0e33ed9c 00000000 00000000 00000000 00000000 0x77469a94
STACK_COMMAND: kb
FOLLOWUP_IP:
nt!MiDeleteVirtualAddresses+7ef
81e8e4cf cc int 3
SYMBOL_STACK_INDEX: 1
SYMBOL_NAME: nt!MiDeleteVirtualAddresses+7ef
FOLLOWUP_NAME: MachineOwner
MODULE_NAME: nt
DEBUG_FLR_IMAGE_TIMESTAMP: 47918b12
IMAGE_NAME: memory_corruption
FAILURE_BUCKET_ID: 0x1a_4000_nt!MiDeleteVirtualAddresses+7ef
BUCKET_ID: 0x1a_4000_nt!MiDeleteVirtualAddresses+7ef
Followup: MachineOwner
---------
Ah, it's our friend memory_corruption again, this time with iexplore.exe (Internet Explorer) as the current process responsible. Time to wrap it up.
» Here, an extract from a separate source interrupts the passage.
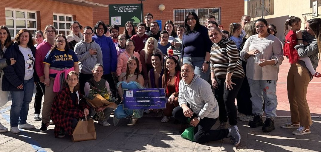 El grupo coreográfico carnavalero que dirige Lorena Ortiz ha llevado a cabo la entrega a Asido Cartagena del dinero recaudado por la celebración de su espectáculo 'Un mundo ideal' en el Mercado Público de La Unión.

Conclusion: We are either looking at a machine with defective physical memory, overclocked physical memory or some other kind of hardware problem, or a misbehaving driver that is randomly corrupting memory as part of its normal operation. In the former case, we can run memory diagnostic tools and send the machine to the manufacturer for replacement; in the latter case, we are looking at a long story of downloading latest versions of all drivers, ensuring that no rogue or irrelevant drivers are installed, enabling Driver Verifier on suspect drivers and waiting to reproduce the problem and catch the faulty component in the act.